Mikhail Bezverkhii – Product Manager | Consulting

🤓 The smartest in the room

I think you know this about me: I really love Mark Manson. After all, it was his book that helped me fight depression a year and a half ago.


A few days ago he released a great video (https://youtu.be/ICTgC1RDhng — God, Telegram on MacBook really won’t let me paste links properly), useful for those who were told at school “you’ll go far” — and then grew up unhappy and often feeling unsuccessful. I highly recommend watching it. Mark explains why being a “smart kid” is often not a predictor of success, but rather a precursor to problems. In short: a smart kid doesn’t develop the skill of overcoming difficulties (why would they?), surrounds themselves with people who make them feel smart rather than happy, and fails to recognize other people’s superiority.


And let me make a small coming out: I still identify as the smartest person in the room in most situations. So I became curious about what allows me not to feel like a failure — and I found three reasons.


The first reason — thanks to my mom and my family in general. I was raised with a sense of modesty and was called out when I laughed at classmates I thought were stupid. That prevented me from developing arrogance toward people who know less than I do. As a result, when I was dumber than others, I didn’t feel worse or lose my identity. It kept me out of a trap: I don’t believe there’s nothing to learn from other people. Almost EVERYONE knows something I don’t.


There’s also a “one-and-a-half” reason — I was lucky to find great friends: Edik, Tolik, Dima, and Egor — thank you for being in my life. Thanks to them, at school I could identify not only as a smart guy, but also as a basketball player. And just so you know, my IQ and my height are very close — and in seventh grade, especially so.


The second reason is the Higher School of Economics. I hadn’t gotten too used to my intelligence yet, so I experienced the feeling of “I’m dumb” at 17 rather than at 25. My psyche had time to adjust, and I had to quickly learn how to apply effort.


The third reason is work and communication in English. Three-and-a-half — communication in Hungarian. Do you have any idea how hard it is to be smart in a foreign language? I’ve been speaking English decently for half my life and I’m not afraid to bargain in Spanish with a 100-word vocabulary, but I failed to understand what a cashier in Philadelphia was asking me after five attempts. I had to say: “Sorry sir, I’m not local, I don’t understand, please speak slower!” I haven’t felt THAT stupid in a very long time.

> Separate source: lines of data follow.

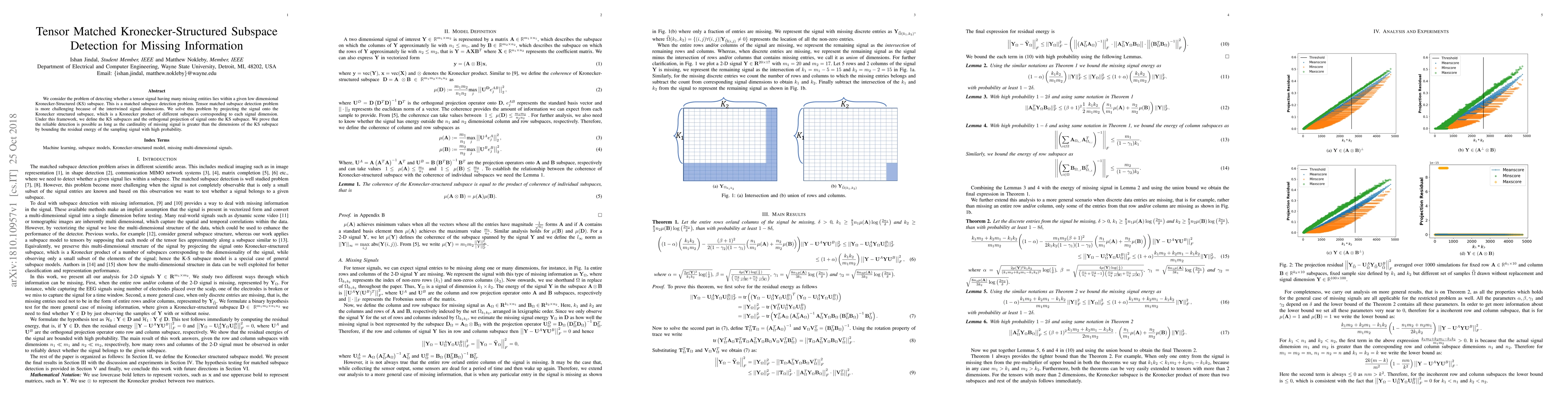 This paper addresses the challenge of detecting tensor signals with missing data within a low-dimensional Kronecker-Structured subspace. It projects the tensor onto a Kronecker product of subspaces and proves reliable detection is feasible if the number of missing entries exceeds the subspace dimensions, by bounding residual energy with high probability.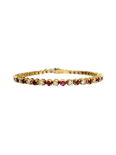 Pretty river bracelet in yellow gold composed of 24 rubies (approximately 1.40ct) and 24 diamonds (approximately 1.50ct) claw-set.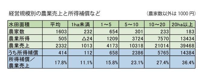 (出所)農林水産省「農業経営統計調査 平成23年」営農類型別経営統計(個別経営、第1分冊、水田作・畑作経営編)(注)原資料の用語を分かりやすく言い換えている。農家数は原資料では経営体数、農業売上は農業粗収益、所得補償は共済・補助金等受取金で、コメの所得補償、水田活用の所得補償、畑作物の所得補償などの合計。農業所得は売上マイナス外部経費で、自家労費+地代+利潤。原資料の面積区分を統合している。数字は農家数で加重平均している。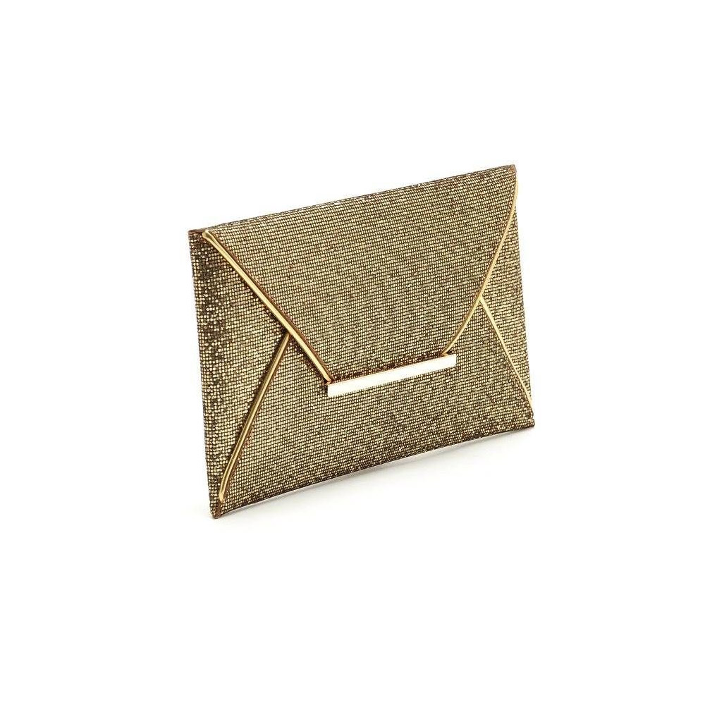 Close-up view of the gold clutch purse showing its textured surface and metal clasp.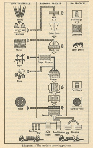At the brewery the malt is milled and ground down into grist, ready for mixing with water, which is known throughout the brewing process as liquor. Hot liquor and grist mix either in the mash tun - a large, cylindrical vessel - or in a mashing machine (masher) which opens out into the tun. The thick, sludgy mix is then allowed to stand for two or three hours at a controlled temperature.
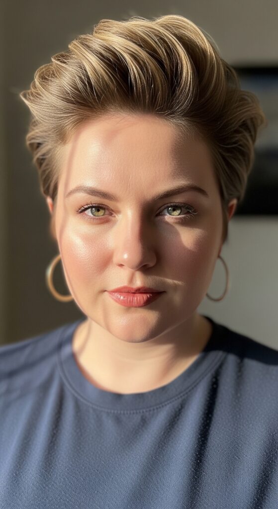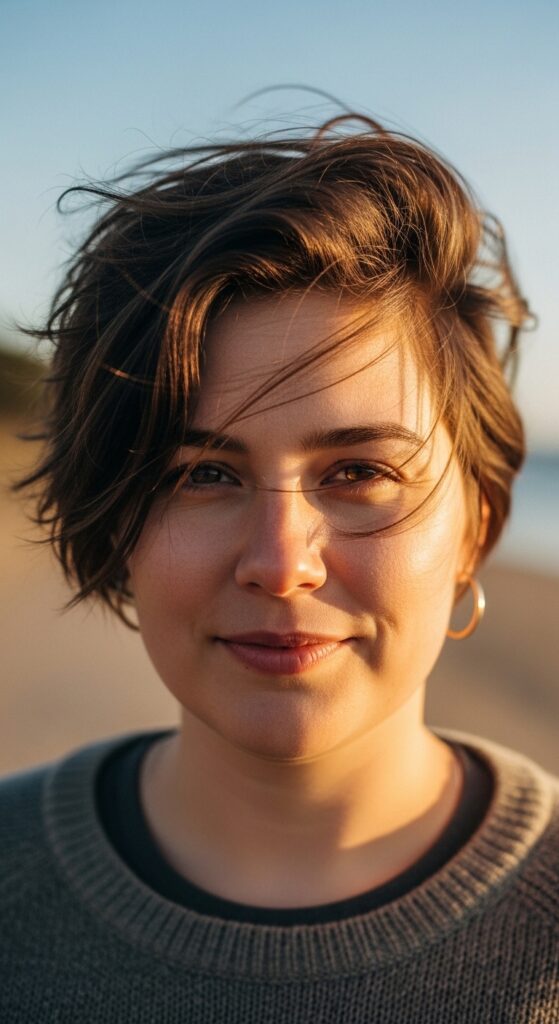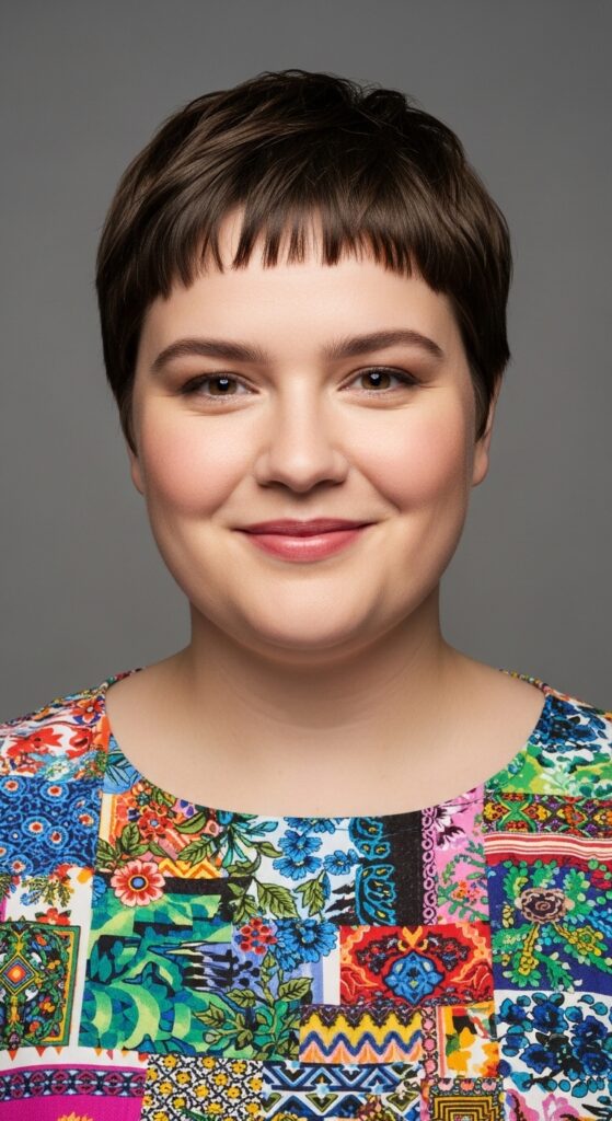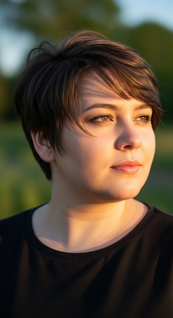 Side bangs are a round face’s best friend. When paired with a longer pixie, they create a diagonal line that visually narrows your face. This cut is super versatile—you can tuck it behind your ear for a cleaner look or leave it tousled for weekend vibes.

In the end, I think I managed to avoid many (not all — trust me, not all) problems of the “smart kid” because I always had other identities besides “I’m very smart.” A few times that identity even had to give way to the identity of “I’m an idiot.”


Long story short: don’t be the smartest person in the room. It’s not worth it. People don’t love you for being clever — they love you for being dad’s rogue and mom’s handsome boy.